Réduire sélectivement la disponibilité des glucides pendant certaines séances faciles (courses matinales à jeun, séances du soir après des dîners pauvres en glucides) augmente la biogenèse mitochondriale et l'oxydation des graisses. Les séances intenses et les courses utilisent toujours une disponibilité complète en glucides. Ce n'est pas du keto ; c'est de la glycogénolyse périodisée.
Électrolytes selon le Taux de Transpiration
Le sodium dépend des pertes
Le sodium dans la sueur varie de 200 à plus de 2 000 mg/L selon les individus. Les boissons électrolytiques génériques à 300 mg/L ne suffisent pas pour les personnes qui transpirent beaucoup. Un test de transpiration (calculer la perte de poids pendant une séance fixe, ajuster pour l'apport en liquide) ou une analyse commerciale de la transpiration donne un objectif réel. Les gros transpirants lors de courses chaudes peuvent avoir besoin de 700 à 1 500 mg de sodium par litre de liquide.
Potassium, magnésium, chlorure
Secondaires mais pertinents.
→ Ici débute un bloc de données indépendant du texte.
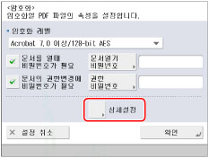 * [기능 설정](설정/등록)의 [암호화 PDF의 256-bit AES설정]에서 [Acrobat 9.0 상당]을 선택하는 경우에만 나타납니다. (See "Acrobat 10.0 또는 이에 상응하는 레벨에서 Acrobat 9.0 또는 이에 상응하는 레벨로 PDF 암호화 레벨 변경.")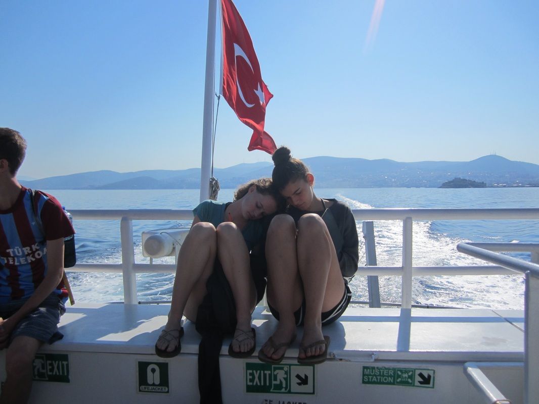 Aislinn and Ellen sought to escape sea sickness as we went from Turkey to the Greek islands of Samos and Patmos.

Un mélange électrolytique fonctionnel pour un marathon chaud ou un demi-Ironman couvre les quatre, pas seulement le sodium.
Les Compléments Essentiels pour la Santé et la Performance
Fer : particulièrement critique pour les athlètes d'endurance
Les pics de hepcidine après l'exercice (atteignant leur maximum 3-6 heures après un entraînement intense) réduisent l'absorption du fer alimentaire. Les athlètes d'endurance — en particulier les femmes, les végétariens et les coureurs à fort volume — présentent des taux élevés de carence en fer sans anémie. Des cibles de ferritine au-dessus de 30 ng/mL (certains experts recommandent au-dessus de 50) soutiennent la performance. Le bisglycinate de fer oral à 20-40 mg les jours de repos, pris le matin avec de la vitamine C, surpasse les méga-doses quotidiennes de fer en raison de la dynamique de la hepcidine (Moretti et al. 2015, Blood).
Oméga-3 EPA/DHA
1-2 g d'EPA+DHA combinés par jour réduisent la charge inflammatoire, soutiennent la récupération, et des preuves modestes suggèrent une amélioration de l'économie de cyclisme dans certaines études. Les sources d'algues ou d'huile de poisson fonctionnent toutes deux.
Vitamine D
Un faible taux de vitamine D est corrélé à une capacité aérobie réduite et à une récupération plus lente. 1 000-2 000 UI de D3 par jour, ajusté à un taux sérique de 25(OH)D cible de 30-50 ng/mL.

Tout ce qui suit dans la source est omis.